Selon la Russie, 2,8 millions d’Ukrainiens sont arrivés sur son sol

Photo ALEXANDER NEMENOV AFP.

Plus de 2,8 millions d’Ukrainiens, dont 448 000 enfants, ont franchi la frontière russe depuis le début de ce que l’agence officielle Tass appelle “l’escalade de la situation” dans le Donbass, à savoir l’invasion russe de l’Ukraine le 24 février. L’agence cite une “source au sein des forces de l’ordre” qui a souhaité garder l’anonymat.

Toujours selon cette source, la moitié de ces personnes proviennent de la République populaire de Donetsk (DNR) et de la République populaire de Louhansk (LNR), les deux républiques séparatistes du Donbass, dans l’est de l’Ukraine, reconnues à ce jour seulement par Moscou, Pyongyang et Damas.

Ce chiffre ne tient pas compte, comme le remarque le site de Radio Svoboda, filiale russe de Radio Free Europe / Radio Liberty, du nombre de ceux qui ont quitté par la suite la Russie.

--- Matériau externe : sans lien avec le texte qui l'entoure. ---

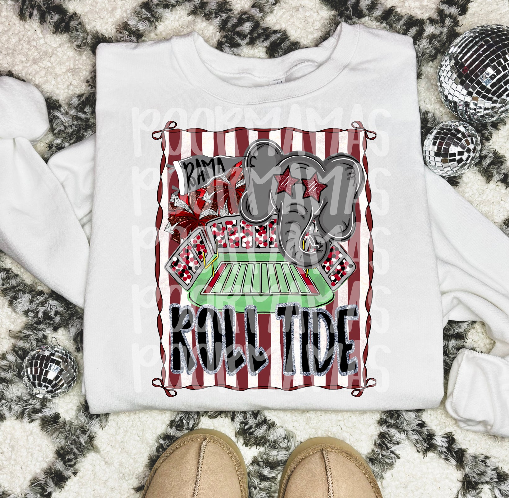 Show your Bama pride with this high-resolution Alabama Crimson Tide Stadium PNG! Featuring a bold Roll Tide elephant, stadium background, and crimson game-day vibes, this design is perfect for football fans, gameday shirts, hoodies, sweatshirts, mugs, and more.

Au 19 juillet, selon l’ONU, le nombre d’Ukrainiens en Russie serait plutôt de 1,7 million.

Attribution de la nationalité russe

Ces chiffres sont néanmoins sujets à de nombreuses controverses, la partie ukrainienne estimant notamment que la plupart de ces personnes ont été déplacées contre leur gré sur le territoire russe.

Le 13 juillet, le président Volodymyr Zelensky a dénoncé la “déportation” de près de 2 millions d’Ukrainiens en Russie. Selon lui, ces ressortissants ukrainiens ont été privés de leurs papiers d’identité, intimidés et entravés dans leur désir de rentrer chez eux par les autorités. Il a aussi dénoncé le “kidnapping” de “plusieurs centaines de milliers d’enfants”.

Par un décret présidentiel, Vladimir Poutine a facilité fin mai l’attribution de la nationalité russe aux orphelins venant d’Ukraine. Selon la presse d’opposition russe, une centaine d’entre eux aurait déjà été placée dans des familles d’accueil à travers la Russie sans que les autorités ukrainiennes ou leurs parents aient donné leur consentement.

Toutefois, comme le rappelle Radio Svoboda, selon la convention de Genève relative à la protection des personnes civiles en temps de guerre, les parties belligérantes doivent assurer des couloirs humanitaires pour les enfants dans les zones de conflit, mais soit vers des zones plus sûres de leur pays d’origine, soit vers un pays neutre. Ce qui n’est pas le cas de la Russie.